Однажды Сонали Хан прямо из окна автомобиля подстрелила носорога – угрожаемый вид. Вот призрак этого носорога ее и догнал, сейчас она будет за него наказана. Будет жить здесь с нами и рассказывать нам про кино.

– Теперь мы точно получим новый телевизор! – говорит Яшви.

– А этот чем плох? – рявкает на нее Американди. – Если он тебе не нравится, попробуй добыть новый для себя лично.

– Да нет, я…

Яшви опускает глаза к земле. Я знаю: она мечтает о телевизоре, где картинка не прыгает и пульт работает.

Комла, которая ограбила целую семью и отходила железным прутом мать семейства, оставшуюся парализованной, пускает слюну, гадая, какие блюда появятся теперь в тюремном меню.

– Куриное карри! – восклицает она, оглядывая всю очередь от начала к концу. – Точно теперь будет карри из курицы. – Она сует палец в ухо и безуспешно пытается достать там, где чешется. – А может, и баранина… Кто знает?

Я слушаю, но при этом я где-то не здесь.

Мы возвращаемся в камеры, мадам Ума совершает обход, я ловлю ее взгляд.

– Вы моего брата включили в список? – спрашиваю я.

Она смотрит на меня пустыми глазами и идет дальше, позвякивая ключами на поясе. Но Американди, уже считающая своими те двести тысяч рупий, что «Дейли бикон» обещала за интервью со мной, вскакивает и бросается к решетке.
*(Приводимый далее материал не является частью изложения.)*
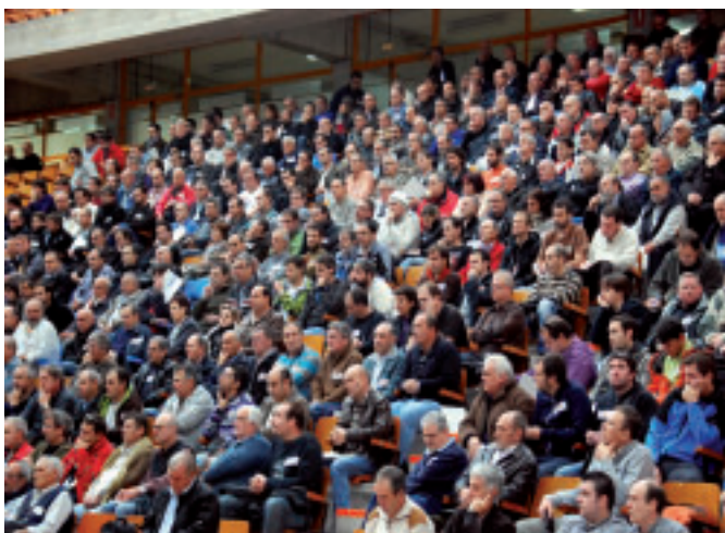
El acto celebrado por la Federación de Industria a principios de noviembre en el frontón Ogueta de Gasteiz fue un éxito, con un millar de participantes y una posterior manifestación que no pasó desapercibida.

Si ELA y LAB no inician el camino para buscar este nuevo espacio de negociación, estarían abandonando a los trabajadores/as vascos/as. Estarían demostrando que la acusación que nos llevan meses lanzando por "llevar la negociación de los convenios a Madrid" -en relación a las negociaciones para convenio estatal del metal- era una farsa.
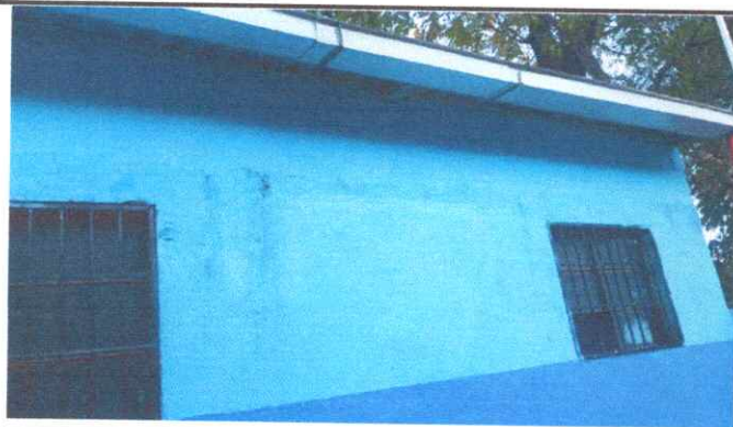
Foto 5: fabricacion e instalacion de 2 balcones de hierro en ventanas.
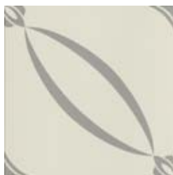
20x20 Berlino Grigio AHB6 - 134 MQ
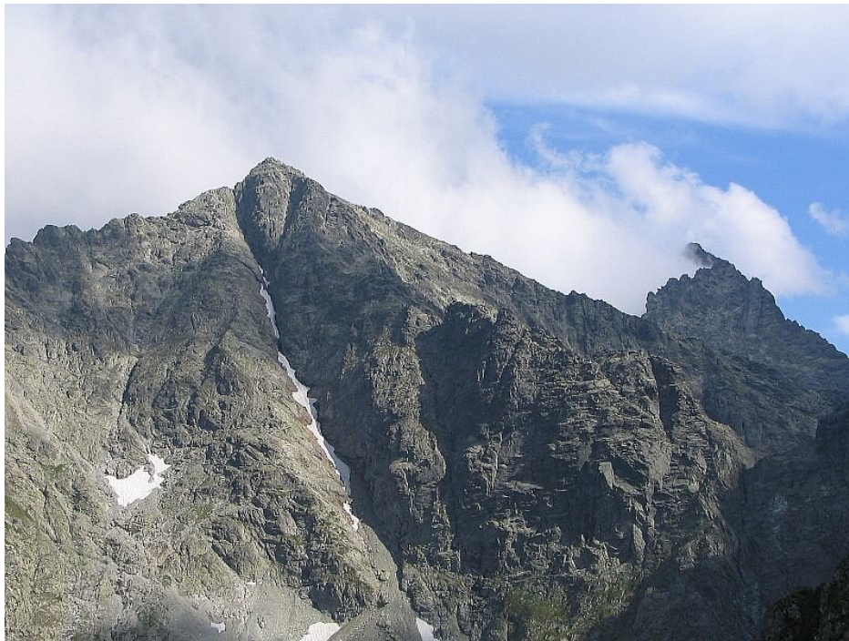
Rysy – najwyższy szczyt polskich Tatr

w regionie znajduje się bardzo dobrze rozbudowana infrastruktura służąca uprawianiu sportu. Warto więc zachęcać fanów nart i snowboardu do odwiedzenia tych gór.
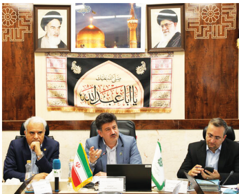
■ وصول ۲۰۷ میلیارد تومانی از محل فرار مالیاتی

■ جایگاه اداره کل امور مالیاتی اصفهان در سطح اقتصادی استان با وصول مالیات و تأمین بودجه به میزان ۹۸ درصد بودجه سال تعیین شده است.
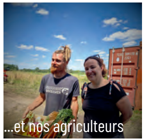
...et nos agriculteurs
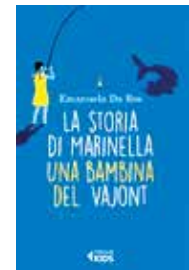
Storia di Marinella. Una bambina del Vajont, di Emanuela Da Ros Feltrinelli Kids, 2015
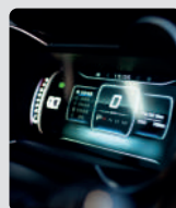
PANEL DIGITAL DE INSTRUMENTOS 12.3"

– Ума! – кричит она. – Иди-ка сюда!

Стихает вечный шум и лязг тюрьмы. Мадам Ума идет обратно в полной тишине.

– Ты как сказала? – ласково интересуется она. – Я тебе что, подружка? А ну-ка, говори учтиво!

В соседней камере кто-то присвистнул:

– Прям как по телевизору!

– Окей, мадам Ума, – говорит моя соседка. – Эта бедная девочка, – говорит она со слезой в голосе, но в то же время громко, чтобы ее слышно было в коридоре, – выпросила у матери гхи, чтобы приготовить для вас лепешку. И вы ей не дадите увидеться с братом? Стыд и срам! Каково будет ее бедной матери?
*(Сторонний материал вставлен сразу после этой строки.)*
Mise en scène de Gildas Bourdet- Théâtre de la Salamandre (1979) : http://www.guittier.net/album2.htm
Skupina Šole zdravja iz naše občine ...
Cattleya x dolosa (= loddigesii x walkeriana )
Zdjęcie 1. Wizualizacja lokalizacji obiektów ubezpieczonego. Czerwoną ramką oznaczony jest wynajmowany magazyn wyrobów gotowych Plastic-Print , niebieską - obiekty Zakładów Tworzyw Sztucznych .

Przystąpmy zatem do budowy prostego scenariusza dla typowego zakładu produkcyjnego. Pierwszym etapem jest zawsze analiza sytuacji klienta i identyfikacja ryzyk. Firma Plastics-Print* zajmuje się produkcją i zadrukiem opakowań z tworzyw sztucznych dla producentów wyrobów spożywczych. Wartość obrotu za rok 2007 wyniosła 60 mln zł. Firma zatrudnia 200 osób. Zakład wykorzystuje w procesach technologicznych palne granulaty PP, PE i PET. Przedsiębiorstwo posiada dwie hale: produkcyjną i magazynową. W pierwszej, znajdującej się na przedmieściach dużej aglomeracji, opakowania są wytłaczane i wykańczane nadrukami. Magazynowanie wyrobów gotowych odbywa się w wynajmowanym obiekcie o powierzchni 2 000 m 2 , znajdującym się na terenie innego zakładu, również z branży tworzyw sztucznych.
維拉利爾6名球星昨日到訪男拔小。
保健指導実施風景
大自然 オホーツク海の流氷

– Да пусть повидается с хахалем, ради бога! – смеется кто-то из соседок.

Мадам Ума стоит неподвижно. Я выглядываю из-за спины Американди.

– Никогда больше не прерывай мой обход, – тихо говорит мадам Ума.

И уходит.

* * *

Идут недели, но ничего не меняется. Сонали Хан во дворе так и не появилась. В телевизорной – все тот же старый ящик. Каждую неделю женщины возлагают свои надежды на какой-то день: ее точно сюда переведут в воскресенье или в следующий вторник. А потом до нас доходит весть, что Сонали Хан сидит под домашним арестом – то есть живет в своем доме, как прежде. Для богатых даже слово «тюрьма» имеет иное значение. Так можно ли меня осудить за желание стать даже не богатой, а всего лишь из среднего класса?

· Физрук ·

На втором митинге партии Джана Кальян Физрук оказывается близко к сцене.

– Вы своими глазами видите, – продолжает речь Бимала Пал, – что наша партия…

Микрофон начинает хрипеть. Бимала Пал делает шаг назад, публика ревет и размахивает флажками. Физрук тоже машет флажком, сохранившимся с прошлого митинга.

– Вот что наша партия дает всем округам штата, – говорит Бимала Пал. – Завод автозапчастей…

Микрофон вновь срывается в хрип. Кто-то в публике закрывает уши ладонями.

– На заводе найдут работу три! тысячи!..

Снова хрип. Госпожа Бимала со строгим лицом оглядывается в поисках техника. У нее за спиной снуют помощники, ищут звуковика, который, наверное, отошел покурить. Публика начинает скучать, перетаптываться.

В безумии решительности Физрук идет вперед, подняв руку.

– В сторону! – кричит он. – В сторону!

Взбегает через две ступеньки, заверяя телохранителей Бималы Пал, что хочет всего лишь починить микрофон. Дергает провод, проверяет разъем, отодвигает микрофон чуть подальше от оратора. Говорит в него:

– Раз, два, три. Раз, два, три.

Голос звенит над толпой чисто и резко.

Сердце у Физрука успокаивается, стучит медленнее.

Бимала Пал продолжает свою речь, а Физрук, сидя на пластиковом стуле, который ему дал кто-то в глубине сцены, смотрит на огромное количество собравшихся. Их тут несколько стадионов, головы как муравьи. Это тебе не избалованные ленивые ученицы, занимающие его дни, не тетки-училки, после работы ордой бросающиеся смотреть бенгальские детективы и есть китайскую лапшу. Разве был он хоть когда-нибудь среди такого огромного числа патриотов, людей, которые работают на развитие страны, которые сейчас слушают на улице умного оратора, а не дрыхнут дома под одеялом?